Every Monday we will post an entry that hasn’t yet been published with a view towards harnessing the collective onomastic power of the internet. If you have any thoughts about the name’s origin, other variants it might be related to, other examples of its use, etc., please share them in the comments! If you wish to browse other Mystery Monday names, there is an index.
Today’s name is an odd little one. We’ve got four different grammatical forms of the name, which all occur in the same charter in reference to the same person. All the documented forms spell it with initial Y-, but since Y forms are always atypical we have hypothesized a standardized form with I- — but it is definitely nothing more than hypothesized!
The record comes from Tirol, and many of the other names in the same source show distinct Germanic influences, so it would be reasonable to look to Germanic origins as well as to Romance. On the Germanic side, the name could be related to Old Saxon, Old High German īsarn ‘iron’, which does show up in names in the form iren. But is yran a reasonable extrapolation from iren? We’re really not sure.

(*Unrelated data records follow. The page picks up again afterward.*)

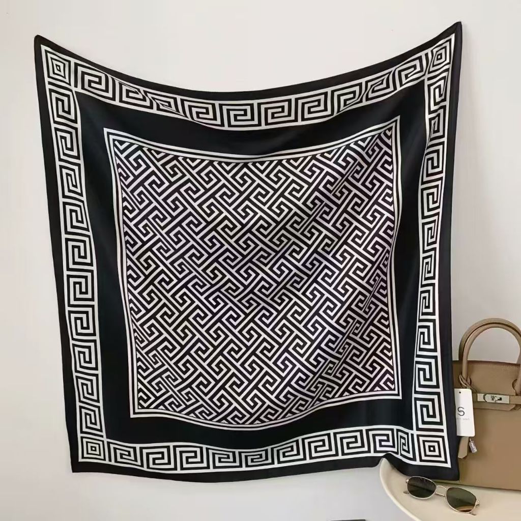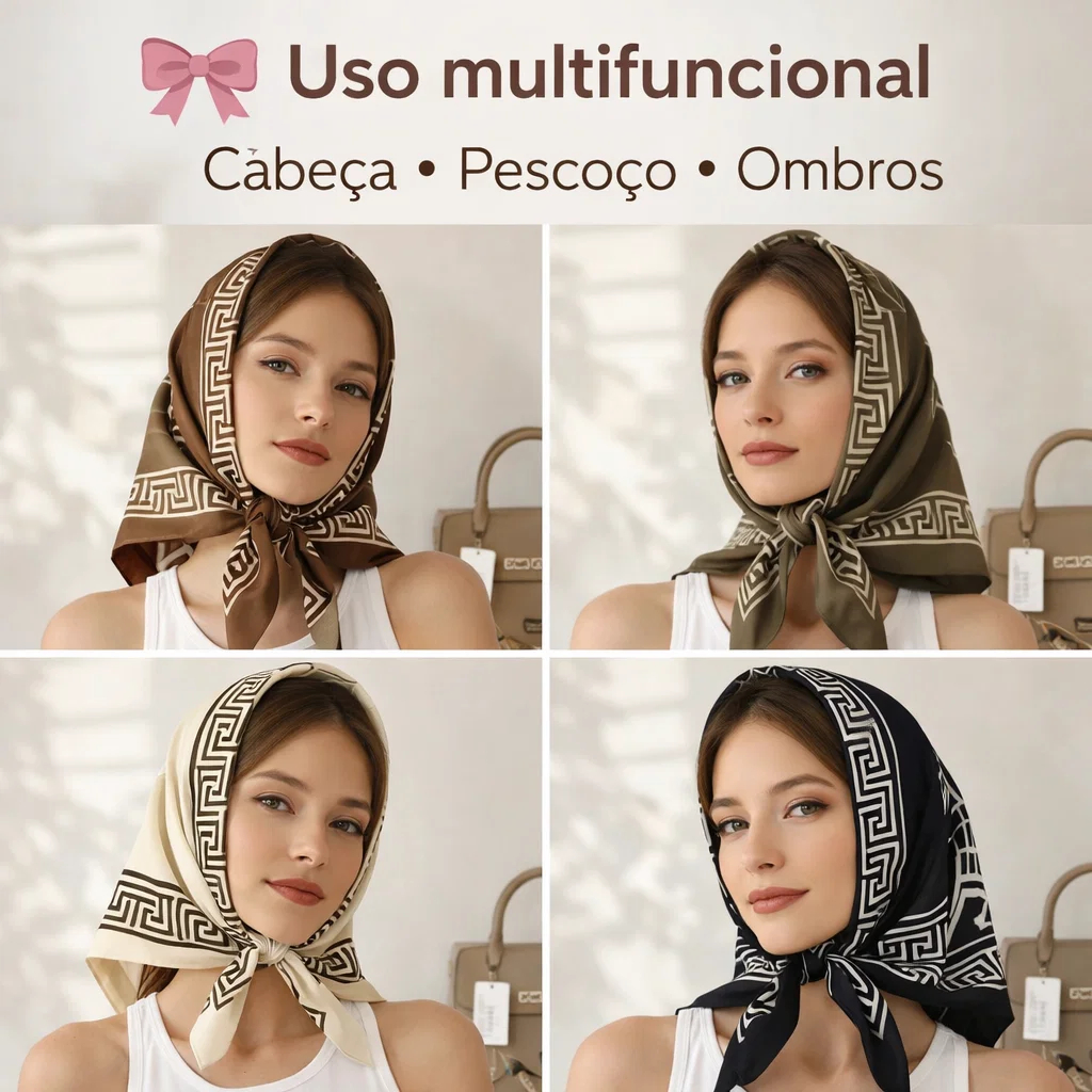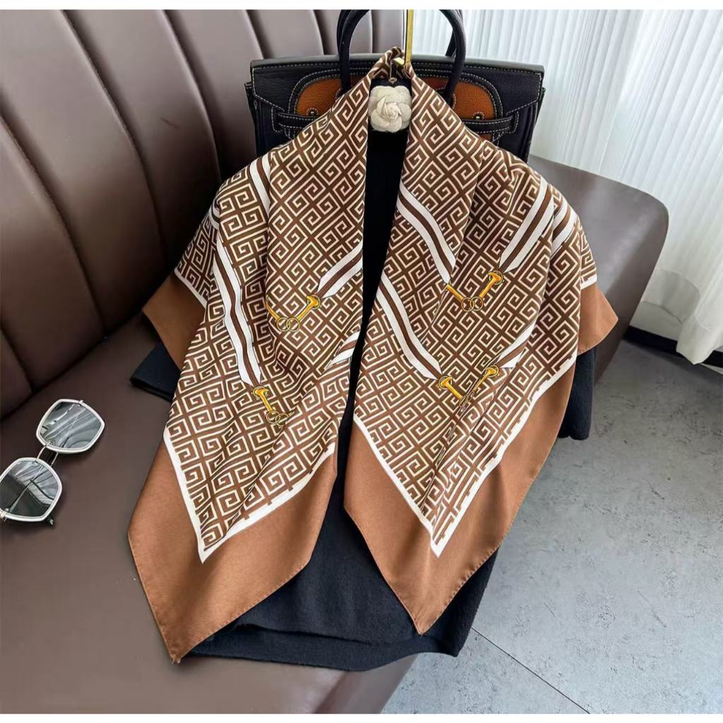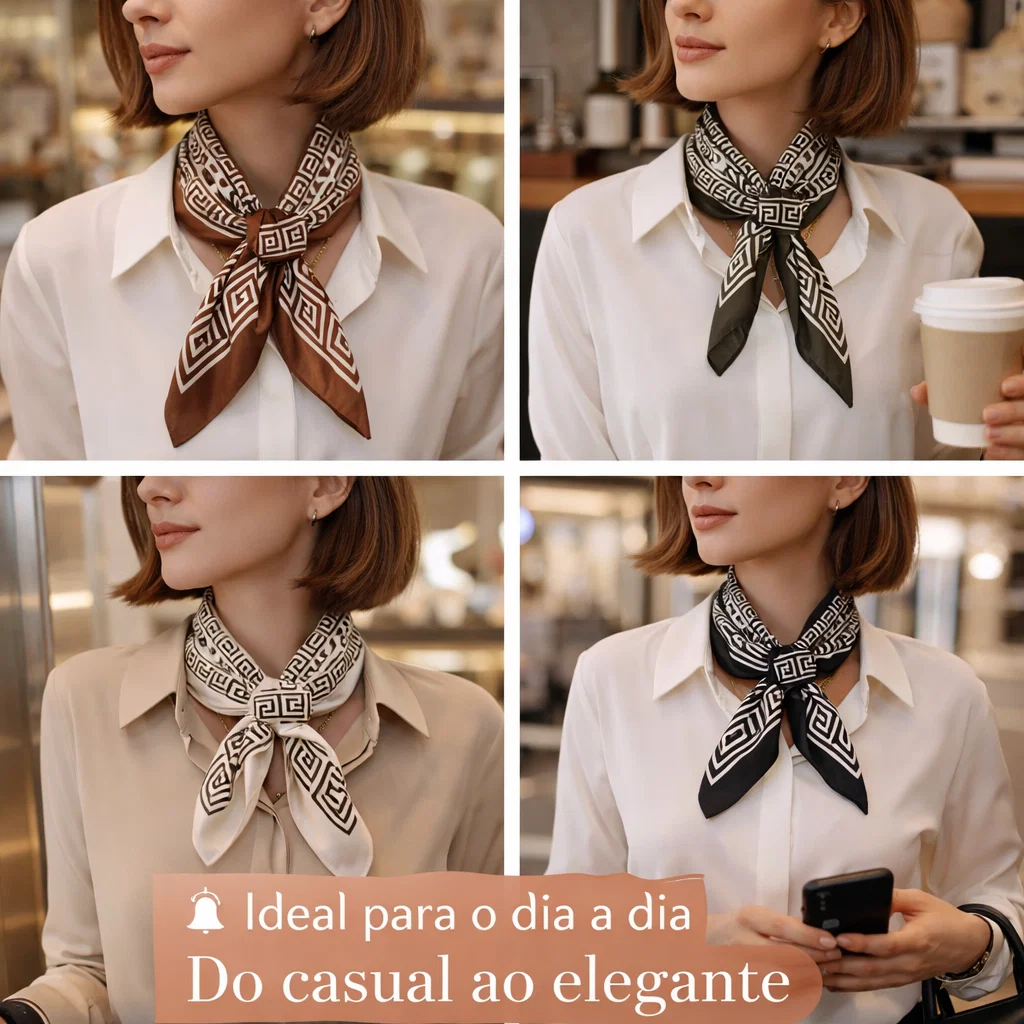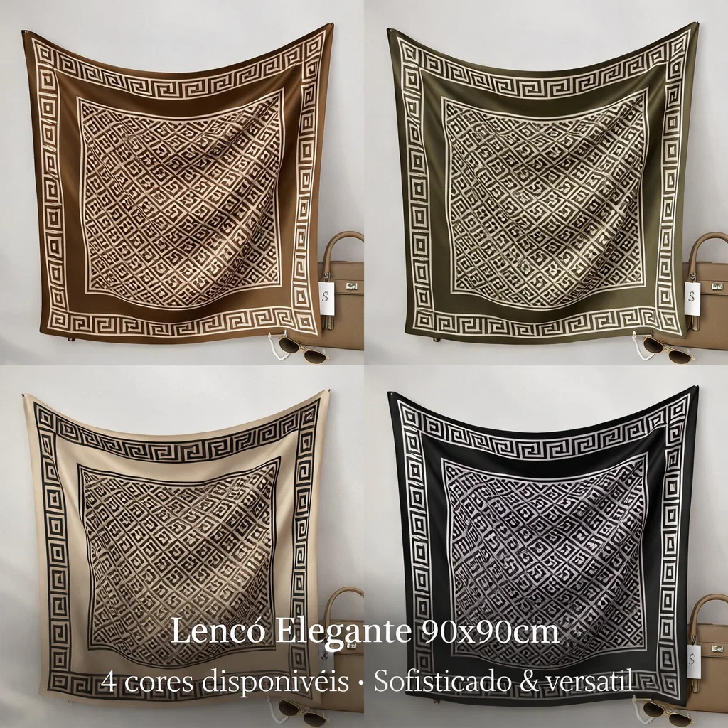 Lenço Feminino Elegante 90x90cm Estampa Geométrica Luxo Premium
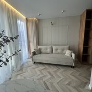 Уютная и красивая квартира, с выделенным пространством для спальни. Оснащена техникой и мебелью. Дом заселен на 90 %. Весь этаж жилой. Прекрасные соседи. Большой паркинг в 5 минутах от дома. Агентам не звонить. Реальным покупателям напишем прямые контакты.
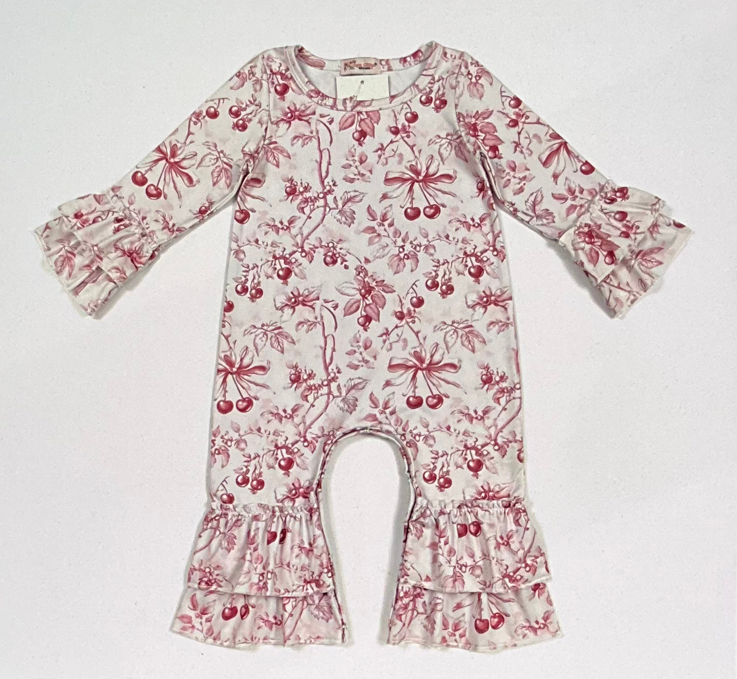 Full of fruity fun and feminine charm, our Cherries Romper is a sweet staple for your little one’s wardrobe! Featuring a pink base with dark pink accents of cherries, bows, and floral details, this romper is made for sunny days and playful moments. Ruffled sleeves and a ruffled bottom add extra cuteness, making it perfect for everything from playdates to picture days.
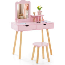 A big surprise for your little one – the chic style and elegant look make this children's dressing table set an aesthetic piece in the children's room. Apart from that, the dressing table set is a great combination of functionality and beauty, making it an ideal gift for your daughter on birthday, holidays or other special days. Triple folding mirror and practical drawer - The children's make-up table comes with a triple folding mirror that can be rotated 180 degrees for clear reflection. This allows children to view their make-up and hairstyle from all directions. The storage drawer makes it easy to place hair bands, cosmetics and decorations. 2 in 1 for different requirements – the removable mirror can meet different requirements. It can be used not only as a dressing table but also as a desk. With a large table top, the dressing table offers children plenty of space for learning or make-up. Durable and stable – Made of high-quality and thick board, the dressing table for children is characterised by great robustness and durability and thus promises a longer service life. In addition, 4 slanted pine wood legs are designed for higher stability and safety. More thoughtful details - Smooth corners and edges eliminate the risk of possible injuries and provide your children with all-round protection. The exquisite knob provides much convenience when inserting and pulling out the drawer. In addition, the dressing table and stool are equipped with non-slip foot pads to avoid scratches on the floor. › See more product details
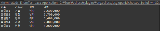 alist.add(new EnumTest("홍길동4", 2000000, EnumTest.Addr.서울, EnumTest.Gender.남자));
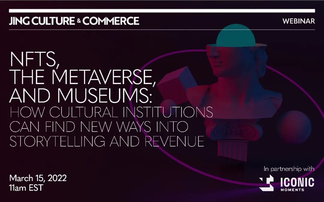 为了拨开迷雾,进一步探索这些问题的,并为博物馆部门进入NFT领域的未知之旅照明方向,JCC将与NFT平台Iconic Moments合作,于美国东部时间 3 月 15 日星期二上午 11 点联合举办一场网络研讨会——“NFT、元宇宙和博物馆:文化机构能如何找到表达与创收的新方式”(“NFTs, The Metaverse, and Museums: How Cultural Institutions Can Find New Ways Into Storytelling And Revenue”)。
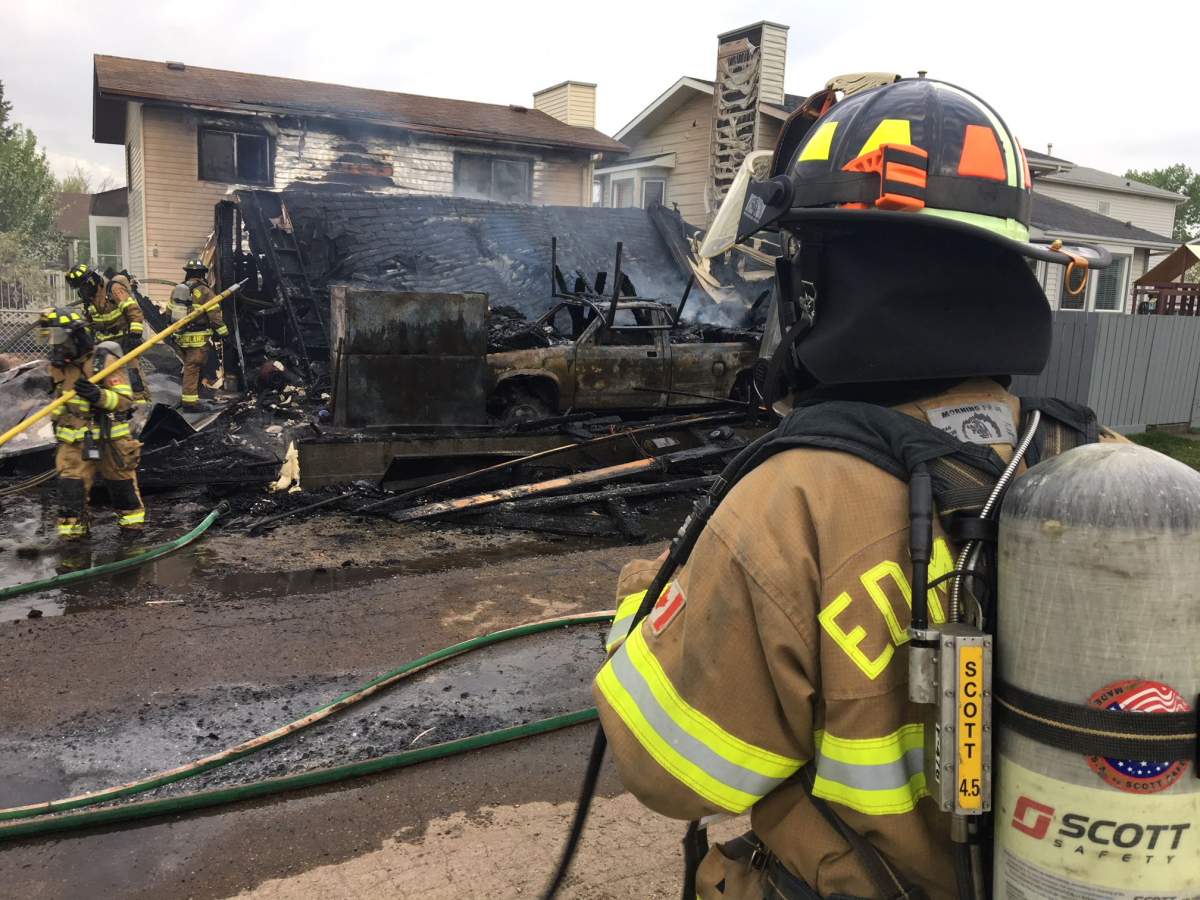 “When we got on scene the garage behind me was fully involved. The fire was under control about a half an hour later,” Edmonton Fire Rescue district chief Randy Shakura said.
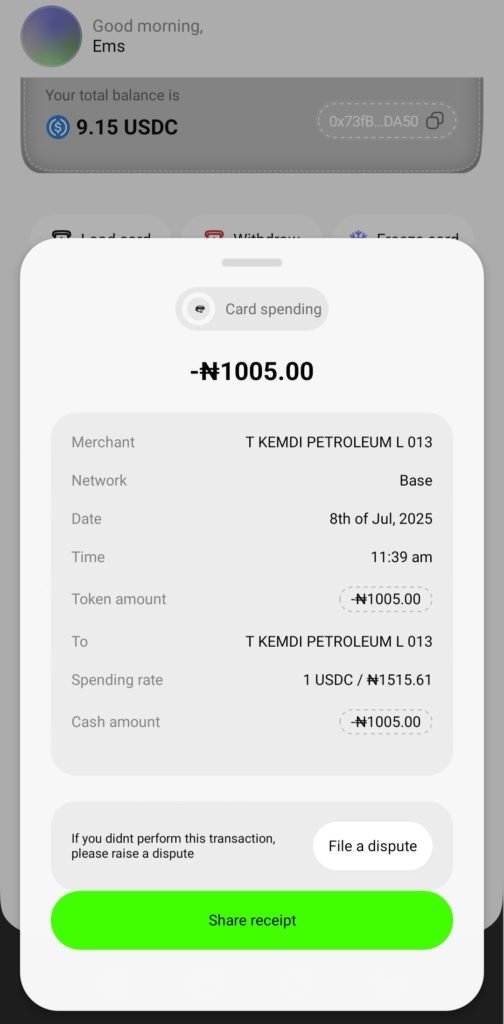 The second revenue stream comes from every transaction that flows through Zerocard’s settlement engine. When a user authorises a payment, Zerocard settles the merchant in naira by converting USDC at a slightly adjusted rate. That spread—typically within 1% of the market rate—is where Zerocard earns.
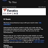 I ordered twice from fanaticswebsite and both times they canceled my order due to me having items sent to two different addresses. Then they want to tell me that they think somebody is using my card and ask me to verify my number and address info and the exact price and item in detail everything was correct …. Since when did they start canceling items due too different items being sent to different addresses. Since when does it become illegal to send multiple items to different addresses especially during these holidays? They apologized for the inconvenience give me a code that's discounted for 30% and when i go to use it on my order it tells me sorry we couldn't use this discounts on certain items in your order bull - ish if you ask me i will no longer be purchasing from them at all.
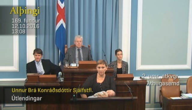 According to The Huffington Post, Unnur Brá Konráðsdóttir, the MP for Iceland’s Independence Party, was sitting in her seat during Parliamentary proceedings. While sitting, she breastfed her six-week-old baby girl. Konráðsdóttir explained to the Icelandic press that she thought she was getting a bit of a break and hadn’t expected to be called back up again.
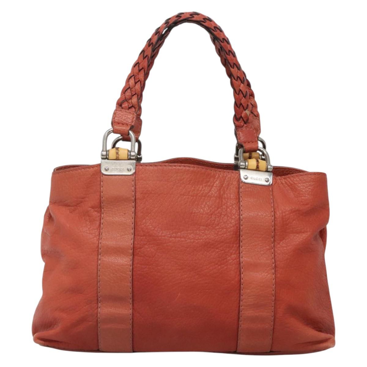 GUCCI Bamboo Tote Bag Leather Red Silver 232947 Auth 139547
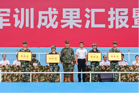 军训期间,体院学子与教官并肩前行,共同度过了难忘的十日。教官们严谨细致、以身作则,同学们刻苦训练、突破自我。雨中训练,他们浑身湿透却仍目光坚定;烈日之下,他们汗流浃背却依旧步伐铿锵。在最终的考核中,以总分第二的成绩荣获“标兵连”称号。这是自2020年以来,体育学院连续第六年获此殊荣,充分体现了体院人的拼搏精神和团队凝聚力。
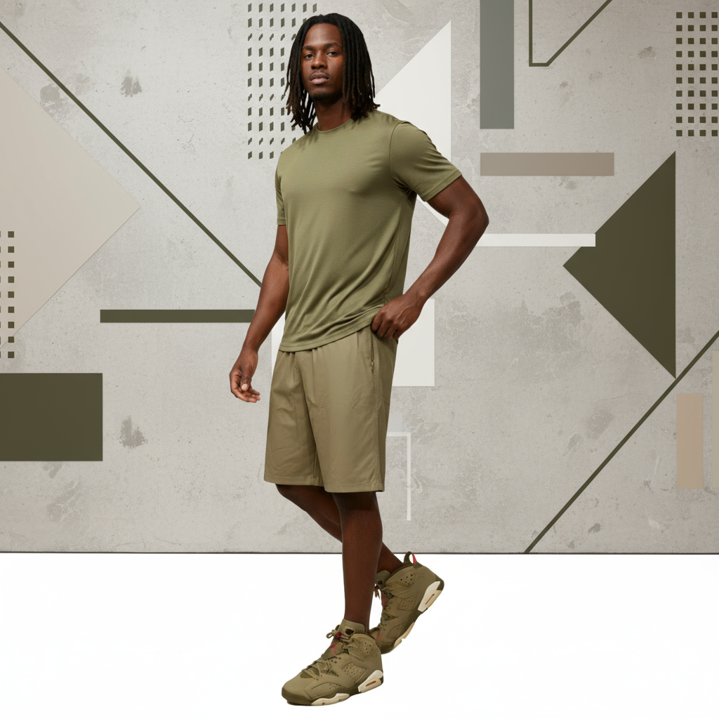 ^ABLANCHE^ ~KHAKI PLEATHER~ LINED SHORTS FOR MEN (CASUAL)
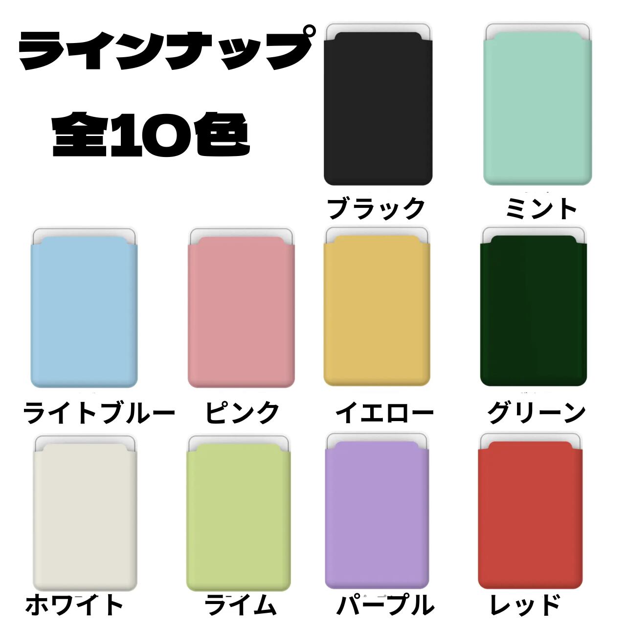 ブラック / ミント / イエロー / グリーン / ホワイト / ライム / パープル / レッド / ブルー / ピンク(全10色)
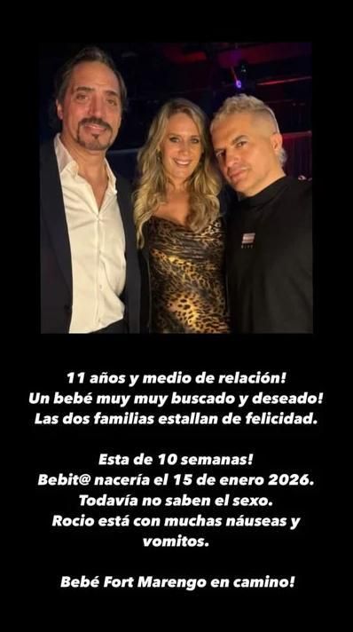 Según Ángel de Brito, "las dos familias estallan de felicidad" con la noticia, aunque por el momento Rocío Marengo y Eduardo Fort aún "no saben el sexo del bebé".
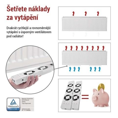Ventilátor pod radiátor pro zvýšení účinnosti vytápění.Výhody produktuZvýšení vytápění domácnosti - umožňuje snížit teplotu topného systému.Úspora nákladů na energii.Velmi nízká spotřeba energie.Komfort díky rychlému vyhřátí domácnosti.Snadná instalace a montáž na většinu ocelových teplovodních radiátorů a konvektorů.
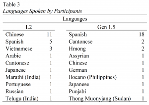 Of the L2 writers, 10 different native languages were represented, almost all of which were Asian. The Gen 1.5 group also represented 10 different languages, of which the majority spoke Spanish (see Table 3 for more details). Additionally, L2 writers were older on average than L1 or Gen 1.5 writers.
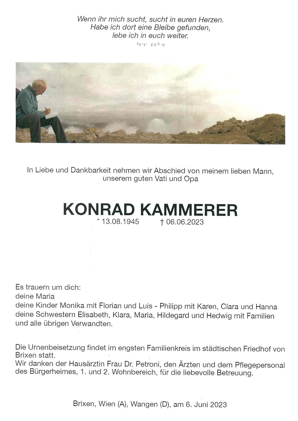 Liebe Maria! Mein aufrichtiges Beileid zum Heimgang Deines geliebten Konrad! Ich wünsche Dir für diese schwere Zeit des Loslassens, des Abschieds und des Annehmens viel, viel Kraft.
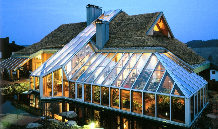 There are many projects of houses with a winter garden, which imply their construction along with the main room, but glass extensions for growing plants are more popular.

And we’re even less sure what a possible Romance origin of the name could be.
Do you have any thoughts? Seen any other examples of this name? Please share in the comments!
My guess is a short form for Hieronymus (I have seen Iron already with this derivation).
The same person (Yranus son of Guatus of Velsecke, between 1214 and 1245) is mentioned as “Yranus (oder Uranus)” here:
https://books.google.com/books?id=aJMxAQAAIAAJ&pg=PA146
But then on the same page he is “Giranus” (brother of Simon son of Guatus, 1248), then “Cyranus” and so on. Here:
https://books.google.com/books?id=K2YdAAAAMAAJ&pg=PA74
he is called “Cyranus”, “Cyrananus” or “Cyrannus”. (Note that according to “Die Südtiroler Notariats-Imbreviaturen” p. 535 the sons of Guatus were “Petrus, Jacobus, Yranus, Simeon”). If all these are correctly transcribed from the documents, it seems likely that Yranus is some kind of aphetic form.
To add a little to this, here in documents XXXVI and XXXVII, both from 1343, one person’s name appears both as Ciranus de Larocha and as Giranus de Larocha, though the documents were issued by the same papal notary.